Once you reach the line with "Mixer de seis", copy it and every line after it exactly, up to the end of the data. Omit the pictures.

========================================================================

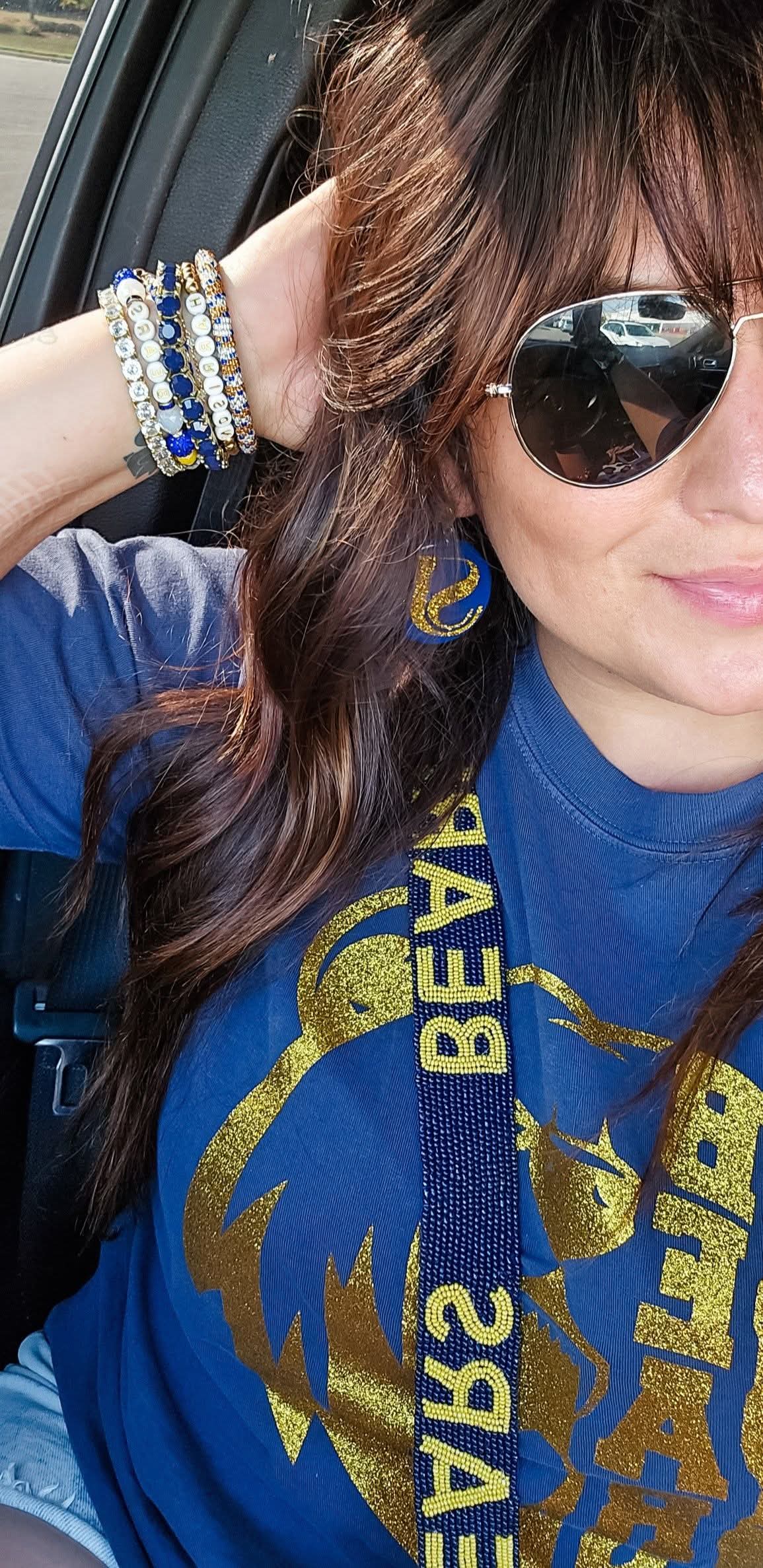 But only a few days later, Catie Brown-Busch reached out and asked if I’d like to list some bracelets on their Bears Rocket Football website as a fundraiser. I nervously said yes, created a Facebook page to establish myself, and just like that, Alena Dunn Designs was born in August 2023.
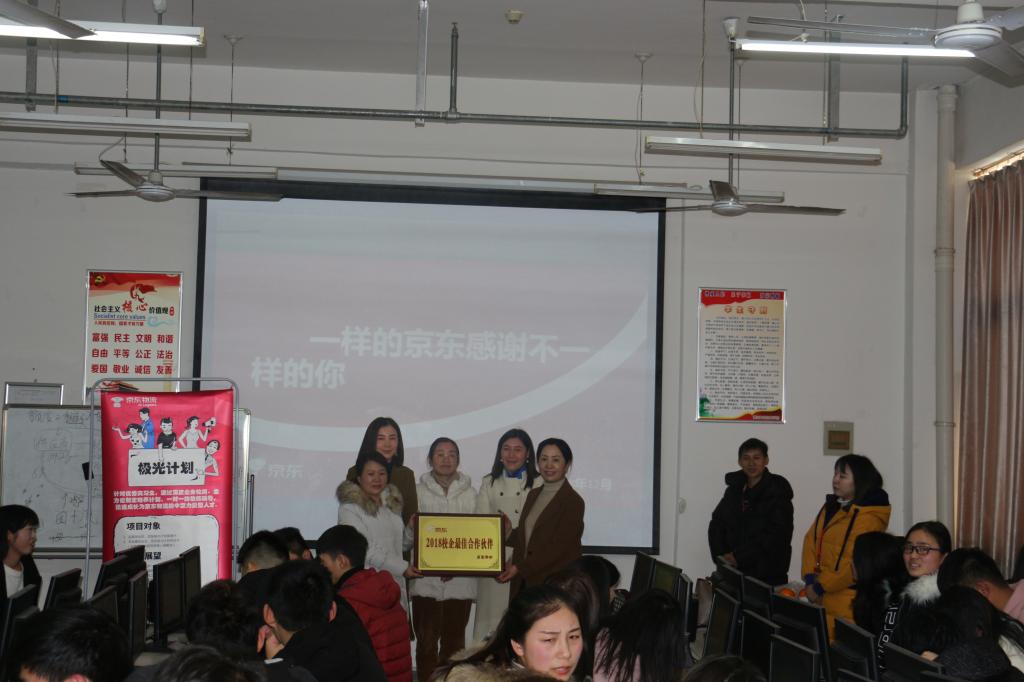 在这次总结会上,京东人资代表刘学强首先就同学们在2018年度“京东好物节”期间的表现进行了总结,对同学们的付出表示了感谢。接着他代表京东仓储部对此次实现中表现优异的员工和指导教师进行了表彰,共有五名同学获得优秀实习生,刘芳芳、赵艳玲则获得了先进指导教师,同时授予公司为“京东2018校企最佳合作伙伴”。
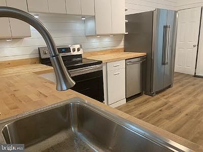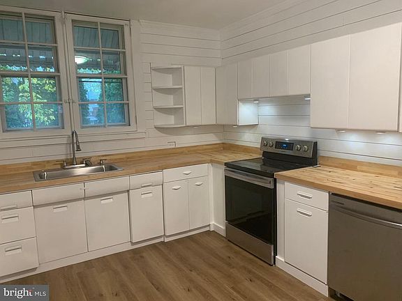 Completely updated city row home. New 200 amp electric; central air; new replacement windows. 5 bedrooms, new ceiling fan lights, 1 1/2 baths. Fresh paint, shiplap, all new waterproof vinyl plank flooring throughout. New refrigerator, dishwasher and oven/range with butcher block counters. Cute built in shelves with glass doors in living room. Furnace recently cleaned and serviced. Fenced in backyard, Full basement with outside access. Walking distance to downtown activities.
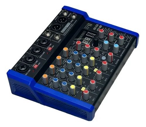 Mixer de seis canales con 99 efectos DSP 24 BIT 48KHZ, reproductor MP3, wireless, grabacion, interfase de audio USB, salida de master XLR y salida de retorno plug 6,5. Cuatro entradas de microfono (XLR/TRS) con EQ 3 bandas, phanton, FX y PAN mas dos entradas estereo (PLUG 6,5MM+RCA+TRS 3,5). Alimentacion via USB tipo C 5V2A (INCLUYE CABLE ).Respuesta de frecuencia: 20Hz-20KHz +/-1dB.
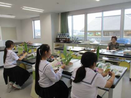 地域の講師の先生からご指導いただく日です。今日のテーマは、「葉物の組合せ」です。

========================================================================

- REPLY
 Mixer de seis canales con 99 efectos DSP 24 BIT 48KHZ, reproductor MP3, wireless, grabacion, interfase de audio USB, salida de master XLR y salida de retorno plug 6,5. Cuatro entradas de microfono (XLR/TRS) con EQ 3 bandas, phanton, FX y PAN mas dos entradas estereo (PLUG 6,5MM+RCA+TRS 3,5). Alimentacion via USB tipo C 5V2A (INCLUYE CABLE ).Respuesta de frecuencia: 20Hz-20KHz +/-1dB.
 地域の講師の先生からご指導いただく日です。今日のテーマは、「葉物の組合せ」です。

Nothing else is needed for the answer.